Thanks for sharing, I've never seen anything like that. And like Grumps asked, more details on ride quality, travel, etc. 

What a wonderful freak show that thing is!!


----------



## bimbimax (Apr 27, 2014)

MendonCycleSmith said:


> That thing makes my head itch in funny ways....
> 
> But it has a Lefty of sorts, so I'm in.
> 
> ...


The fork is a USE S.U.B. and it's really stable also under heavy brakes, the rear suspension is not very nice as unit and have about 3.5cm of travel.
This is the reason because i want change it with a better unit.
the bike seem to be very neutral but i have to test more deep in hard conditions ( in any case i'm not a fantastic rider :madman: hihihi )
Yes i agree it's quite strange, but it's light for his age and very stiff thanks to the carbon frame.
Also the avid disk brake is really really good.


----------



## AndreasRM (Apr 30, 2014)

*I love this Bike...*

I bought one in Southern Germany in 1998. I still have it here in Alabama and wonder if it is the only one in america? Unfortunately it needs a little repair but is generally in great shape otherwise. it hangs in my garage for now until I make riding again or selling it a priority. I originally got it because I had terrible carpal tunnel and tendinitis and I needed some shock capabilities even for road riding between Rheinfelden (Germany) and Basel Switzerland, often over the big hill between German Rheinfelden and Loerrach then touring Basel at night. I think of it as oddly beautiful, and for it's age it has had very little use.

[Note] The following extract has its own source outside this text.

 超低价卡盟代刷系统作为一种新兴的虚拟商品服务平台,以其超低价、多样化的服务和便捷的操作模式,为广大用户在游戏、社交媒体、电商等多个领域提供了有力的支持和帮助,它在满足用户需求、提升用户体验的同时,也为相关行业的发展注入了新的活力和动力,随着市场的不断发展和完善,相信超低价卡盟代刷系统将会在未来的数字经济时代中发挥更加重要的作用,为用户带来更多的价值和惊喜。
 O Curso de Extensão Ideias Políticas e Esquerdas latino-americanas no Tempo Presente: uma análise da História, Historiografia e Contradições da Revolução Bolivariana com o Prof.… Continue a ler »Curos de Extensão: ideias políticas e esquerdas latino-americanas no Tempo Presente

I have the original advertising flier in German from Arrow though it is rougher for wear over the time... The frame design was aided by French aircraft maker Dassault (Mirage, Rafale etc)

Mine is the Spyce RC but in brilliant blue, like the SF version shown here but slightly different shock color combo.


----------



## AndreasRM (Apr 30, 2014)

*The waste of the investment...*

Here are a oupld of pictures of the bike on the ceiling


----------



## DFA (Jan 26, 2004)

bimbimax said:


> Next steps will be:
> 
> -Change rear shock ( here I really need an hand)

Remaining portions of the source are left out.